TEN doctors have teamed up to visit rave parties.

In an Australian first, the Royal Adelaide Hospital doctors will survey
drug users and investigate rave party substances such as ecstasy and fantasy.

The team recently went to its first rave, near Angaston, where five people
were admitted to intensive care after taking fantasy.

Many other users were treated for stomach cramps.

RAH research fellow Dr David Caldicott said he had been doing similar work
in Europe since 1997 but it was a new thing for Australia.

"It's a very useful thing for doctors to get involved in," he said.

The team's attendance "was primarily for research" but "if push comes to
shove" it would help medical volunteers treat overdose victims, he said.

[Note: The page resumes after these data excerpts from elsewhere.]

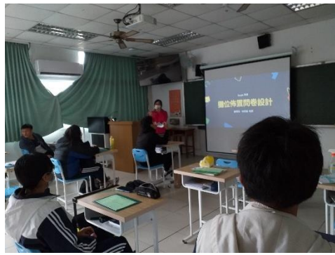
數學領域—問卷設計與製作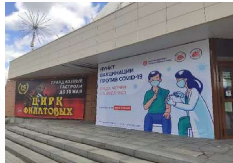
Пункт вакцинации от COVID-19 в Екатеринбургском государственном цирке имени В. И. Филатова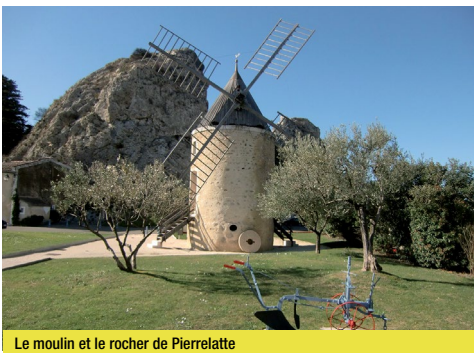
Le moulin et le rocher de Pierrelatte

d'eau vers l'est sur l'île des Dames. Emprunter le parcours sportif vers le nord et rejoindre le Rhône. Poursuivre vers le nord (ViaRhôna) jusqu'au barrage. Prendre la D93 sur le barrage. Après 500 m prendre à droite le chemin des Margerieries. Après 600 m tourner à droite, puis après 300 m prendre à gauche à 90° vers le sud. Direction Pierrelatte, chemin des Margerieries, qui devient ensuite le chemin du Pont de Rome. Prendre à droite chemin de Bel, puis du Méas. Prendre à droite le chemin de Font Reynaud, puis au carrefour avec la rue Notre Dame, prendre chemin de Sérignan. Rejoindre la D13 route de Pierrelatte à Bourg-Saint-Andéol dans le rond-point. Prendre à gauche et entrer dans Pierrelatte par l'avenue Maréchal Juin en passant sous la N7. Au carrefour, après le lavoir, tourner à droite sur le boulevard Chandeysson, et revenir sur la place du Champ de Mars.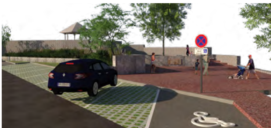
Place Roland Elisabeth (aire de pique-nique en face du CASE) : Projet PIVE financé par la CIREST et l'UE par le biais du FEDER - travaux estimés à 900 000€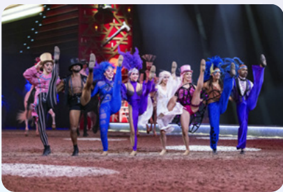
Chorus Line der Dance Company

Folgende Pressebilder stehen Ihnen zum Download zur Verfügung (die Vorschau-bilder sind mit dem hochauflösenden Material verlinkt). Das gesamte Presse-material zum Download finden Sie HIER . (Copyright: CAVALLUNA // Auflösung: 300 dpi)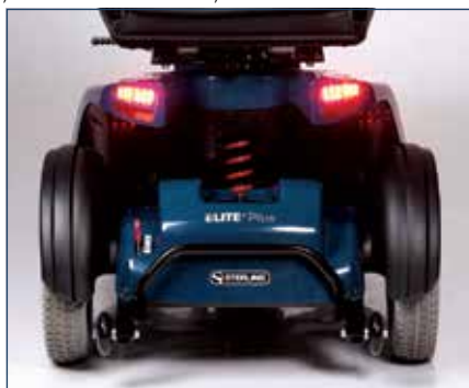
Sospensioni posteriori idrauliche regolabili, meccanismo di sblocco del motore e routine antiribaltamento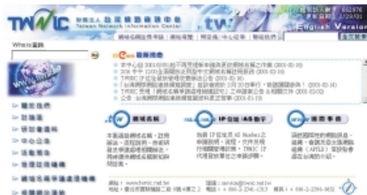
台灣網路資訊中心 中文版網站 首頁

法人一週年，為加強網站內容和結構，並配合三月二十九日『2001網際網路研討會-邁向e世代網路新紀元』週年慶活動；台灣網路資訊中心網站擬計劃進行中、英文網站的改版工作，除配合週年慶活動外，也希望藉由內容的更新和結構的重整，讓台灣網路資訊中心網站能以全新的面貌在三月二十九日重新服務網際網路使用族群。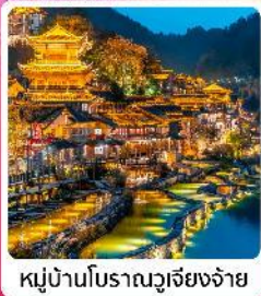
หมู่บ้านโบราณวูเจียงจ้าย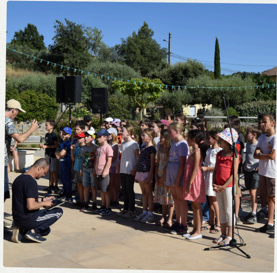
Fête de la musique 21 juin 2024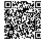
三股町防災アプリ (android)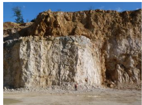
Stark verkarsteter Massenkalk

Verwendung: Die Kalksteine werden hauptsächlich als Schotter, Splitte, Schroppen, Frostschutz- und Schottertragschichten, kornabgestufte Gemische, Brechsande und Schüttmaterialien für den Verkehrswegebau , für Baustoffe sowie als Betonzuschlag verwendet. Dolomitsteine können zur Düngemittelproduktion genutzt werden.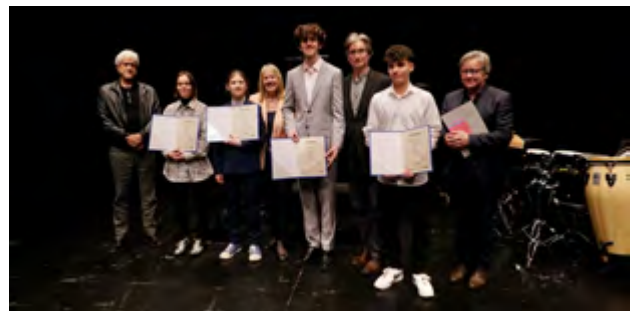
Die PreisträgerInnen von „Jugend komponiert 2023“ mit der Jury.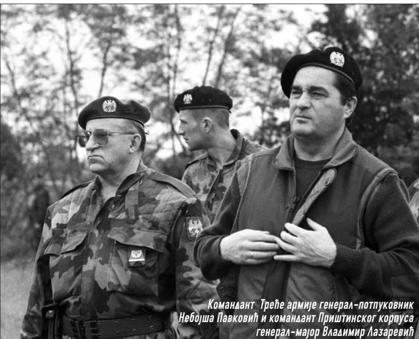
Командант Треће армије генерал-потпуковник Небојша Павковић и командант Приштинског корпуса генерал-мајор Владимир Лазаревић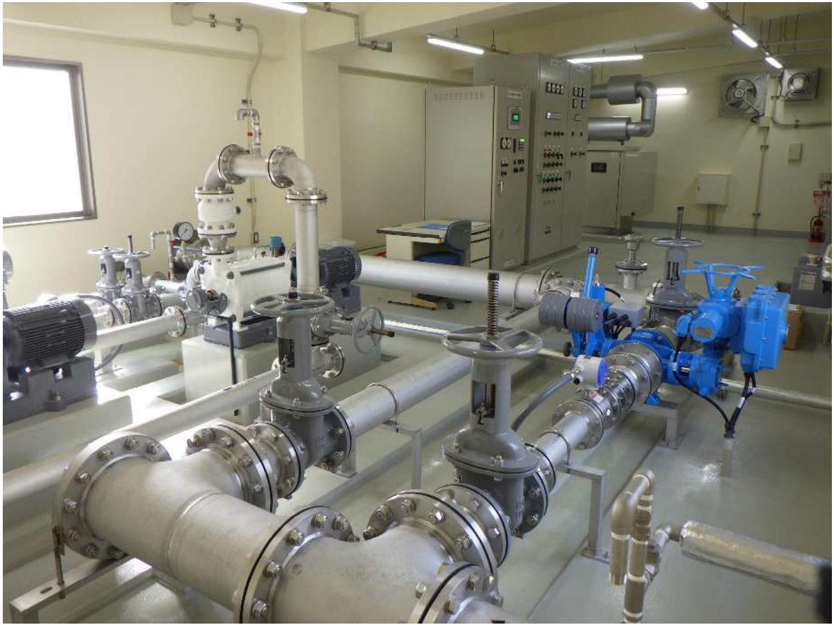
脇野沢ポンプ場内の送水設備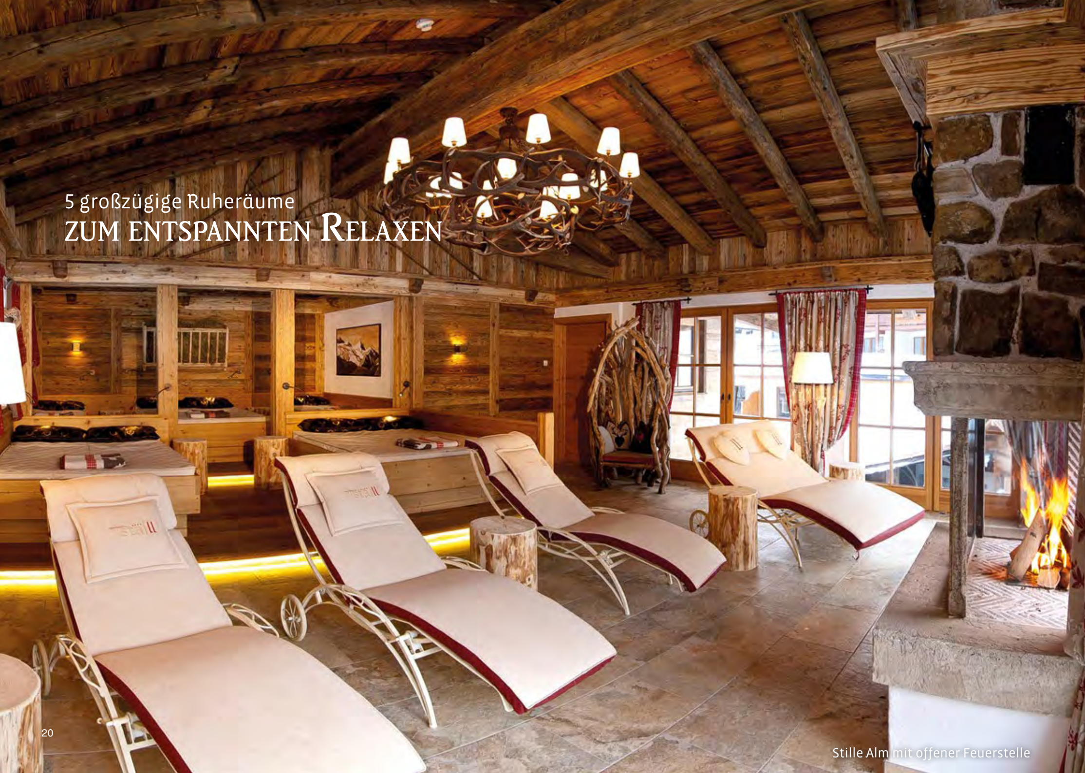
Stille Alm mit offener Feuerstelle

5 großzügige Ruheräume ZUM ENTSPANNTEN RELAXEN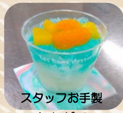
スタッフお手製 セタゼリー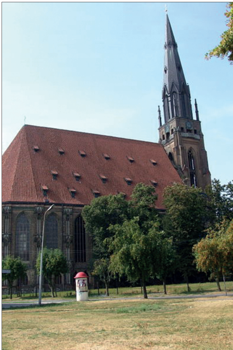
Ryc. 3. Chojna, kościół Mariacki, widok od północy.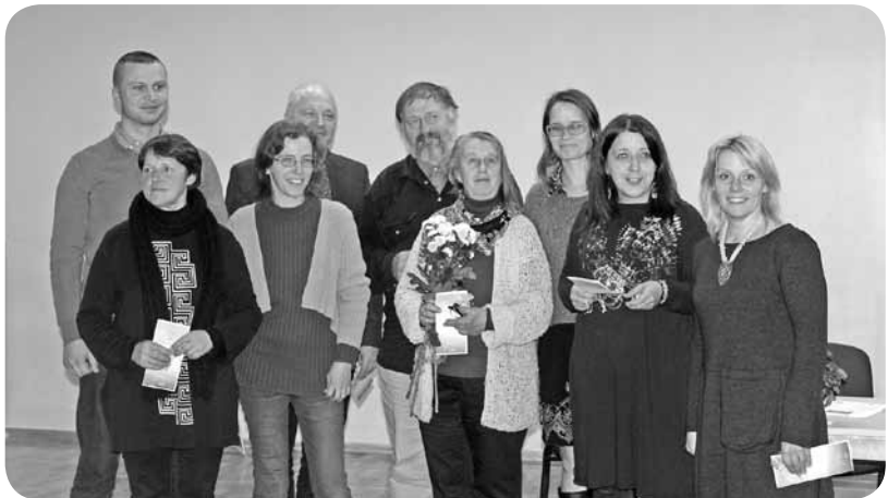
Sāvienas ekspedīcijas dalībnieki.

Nirēji stāstīja par paša plota izveidi - kā noticis šis process no idejas līdz rezultātam. Latvijā līdz šim nebija pieejams plots ar grunts sūkni artefaktu izpētei, pacelšanai. Tāds bija tikai redzēts Discovery kanālos un ārzemju interneta portālos, tādēļ bija jāiegulda liels darbs, lai to izveidotu pašu spēkiem. 2015./2016. gadā notika teorētiskās bāzes izstrāde. Amerikas zelta celtniecības mājaslapā iespējams redzēt attēlus, bet agregātam nav doti konkrēti izmēri un aprēķini. Tika nolemts, ka nepieciešams ežektorijas sūknis ar jaudu 1600 l/min. Paralēli sūknim tika veidots arī plots - pontona tipa plots ar saliekamu rāmi. Plots un sūknis, un visas nepieciešamās konstrukcijas svēra apmēram 700 kg. Tādēļ bija nepieciešams piedomāt arī pie pārvietošanas, iekraušanas un izkraušanas.

At the event, attended by about 10,000 people, 300 partygoers were
voluntarily surveyed about drugs.

"Our job is to make sure this generation does not get maimed by taking
pills, Dr Caldicott said.

"The rave community or the pill-taking community . . . is far bigger than
conservative middle-class Australia would like to believe.

"About one in four young adults have taken ecstasy.

"The more you can learn about them the more you can go down that line of
harm minimisation."

He said the group was cautiously welcomed at the rave after assuring
partygoers they were interested in health and not moral issues.

The team, which also attended "schoolies week" at Victor Harbor, will visit
more raves after getting approval from event promoters.

Research would be used to monitor usage and frame education campaigns for
the "chemical generation".

About 300 people have overdosed in South Australia during the past four
years, often after taking drugs at raves.

Drugs such as fantasy, often made by "sharks and bikies", were most likely
to kill users, Dr Caldicott said.

Unlike the recent event, many raves had no medical staff to treat potential
fatal overdoses.

"Underground raves tend to be very secretive, quite hard core, much smaller
events -- much less planning and less sophisticated and more remote," he said.